> **Exercise details**
Starting with the line that has "西周青銅盤為承水器,發現較多" in the records below and ending with the line that has "105th Birthday Party", output those lines exactly and nothing more; omit the pictures.

> **Extracted records**
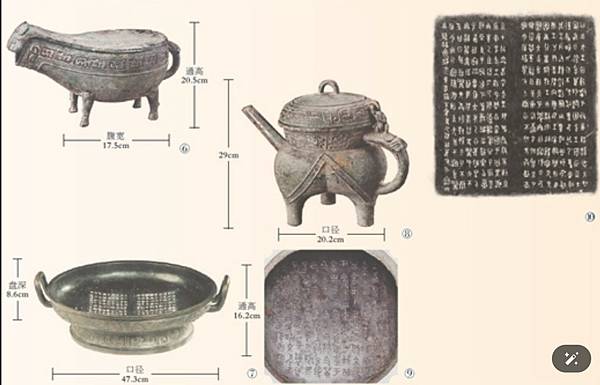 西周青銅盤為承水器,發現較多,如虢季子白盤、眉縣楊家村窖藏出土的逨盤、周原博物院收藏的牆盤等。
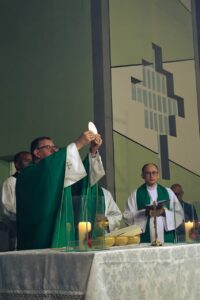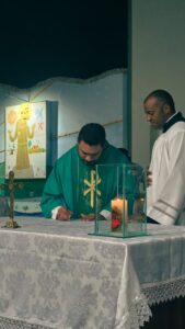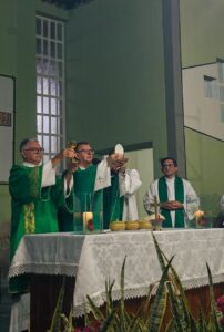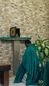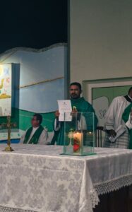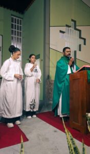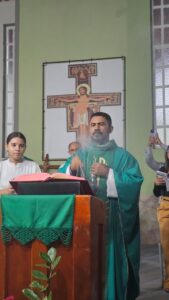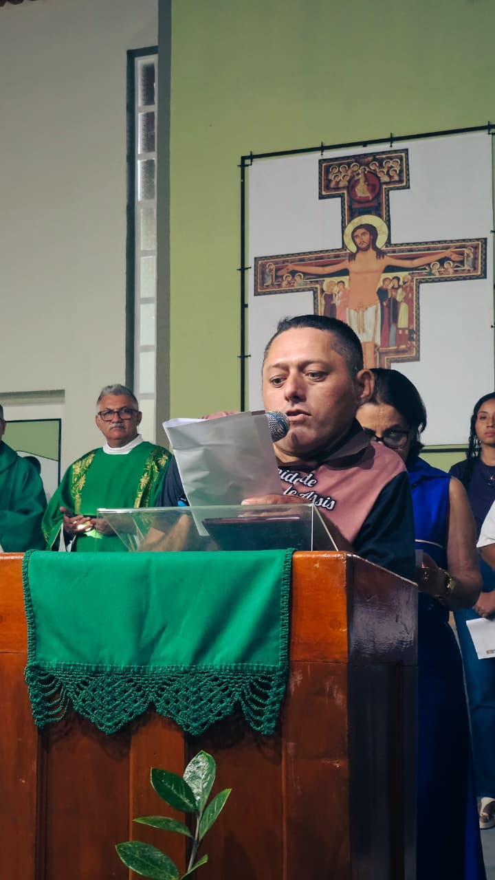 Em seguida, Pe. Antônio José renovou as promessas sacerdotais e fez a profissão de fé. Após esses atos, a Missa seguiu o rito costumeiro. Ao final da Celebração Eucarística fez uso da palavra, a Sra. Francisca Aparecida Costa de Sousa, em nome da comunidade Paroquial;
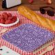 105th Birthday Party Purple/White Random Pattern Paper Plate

---

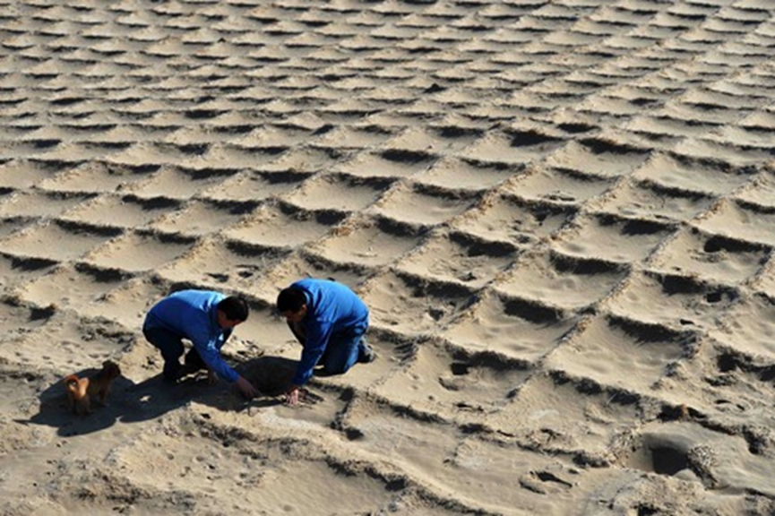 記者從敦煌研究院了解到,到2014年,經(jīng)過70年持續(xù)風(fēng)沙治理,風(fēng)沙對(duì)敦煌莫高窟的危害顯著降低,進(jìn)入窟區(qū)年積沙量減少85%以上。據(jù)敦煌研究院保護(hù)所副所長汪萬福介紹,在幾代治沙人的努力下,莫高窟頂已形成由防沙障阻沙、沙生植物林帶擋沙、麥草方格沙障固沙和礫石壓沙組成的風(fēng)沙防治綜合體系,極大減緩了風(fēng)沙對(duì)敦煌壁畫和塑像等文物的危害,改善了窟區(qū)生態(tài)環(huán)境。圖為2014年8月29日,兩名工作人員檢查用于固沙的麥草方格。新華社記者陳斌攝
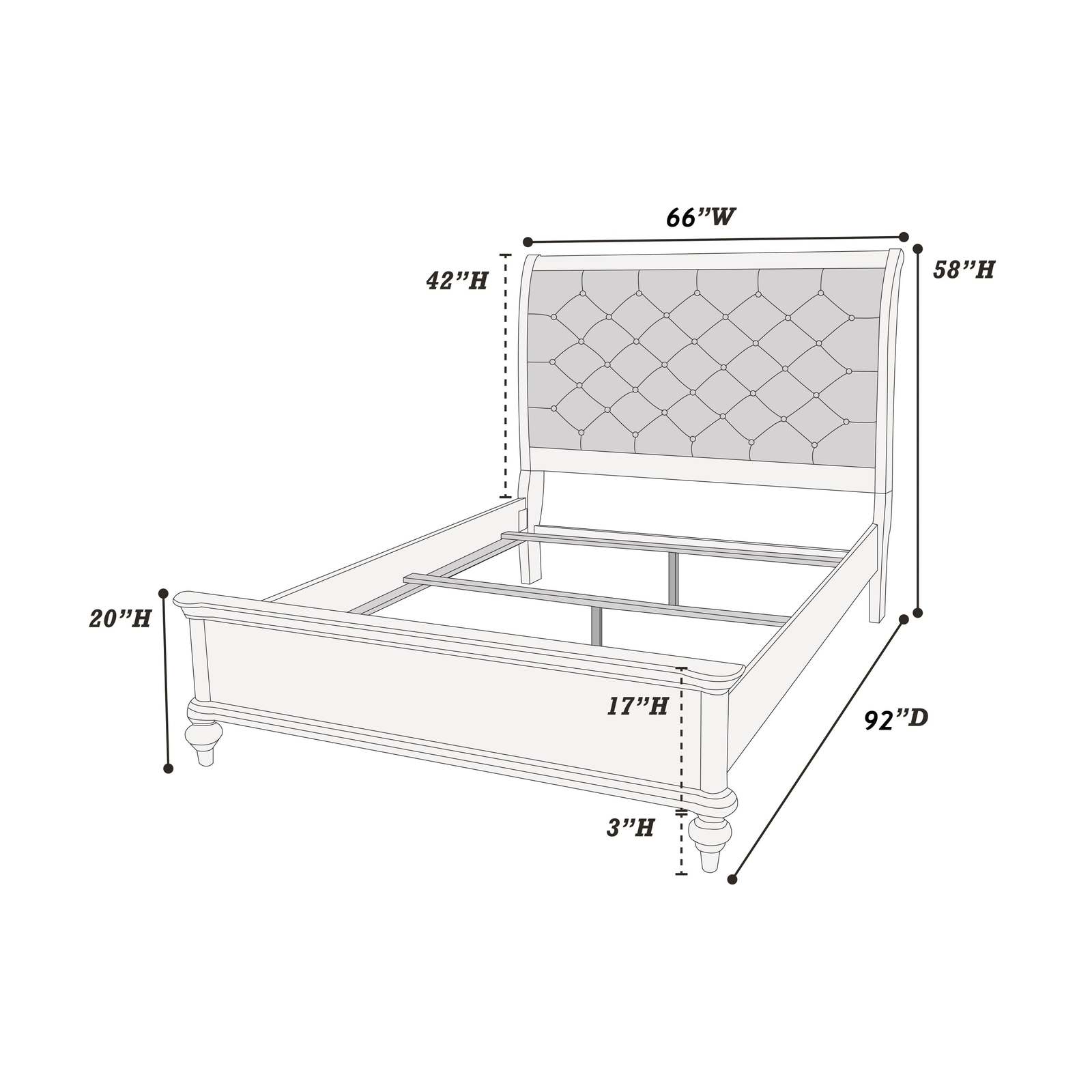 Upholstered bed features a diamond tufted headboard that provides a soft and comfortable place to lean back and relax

> **Expected output**
 西周青銅盤為承水器,發現較多,如虢季子白盤、眉縣楊家村窖藏出土的逨盤、周原博物院收藏的牆盤等。
 Em seguida, Pe. Antônio José renovou as promessas sacerdotais e fez a profissão de fé. Após esses atos, a Missa seguiu o rito costumeiro. Ao final da Celebração Eucarística fez uso da palavra, a Sra. Francisca Aparecida Costa de Sousa, em nome da comunidade Paroquial;
 105th Birthday Party Purple/White Random Pattern Paper Plate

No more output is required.